The equation of value iteration is taken straight out of the Bellman optimality equation, by turning the later into an update rule.

\[v_{k+1}(s) = \max_a \left( \mathcal R_s^a + \gamma \sum_{s^\prime \in \mathcal S} \mathcal{P}^a_{ss^\prime} v_k(s^\prime) \right) \]

The value iteration can be written in a vector form as,

\[\mathbf v_{k+1} = \max_a \left( \mathcal R^a + \gamma \mathcal P^a \mathbf v_k \right) \]

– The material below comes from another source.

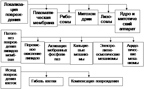 | 2. Изучить: а) изменения в клетке при лёгкой, средней и тяжёлой степени повреждения; | 2. В виде схем показать: а) механизмы развития морфологических и функциональных нарушений, причины дисбаланса ионов и воды, последствия, изменения мембранного потенциала клетки, последствия. |

Notice that we are not building an explicit policy at every iteration and also, importantly, the intermediate value functions may not correspond to a feasible policy. Before going into a more elaborate example, we can go back to the same simple world we have looked at in the policy iteration section and focus only on the state-value calculation using the formula above.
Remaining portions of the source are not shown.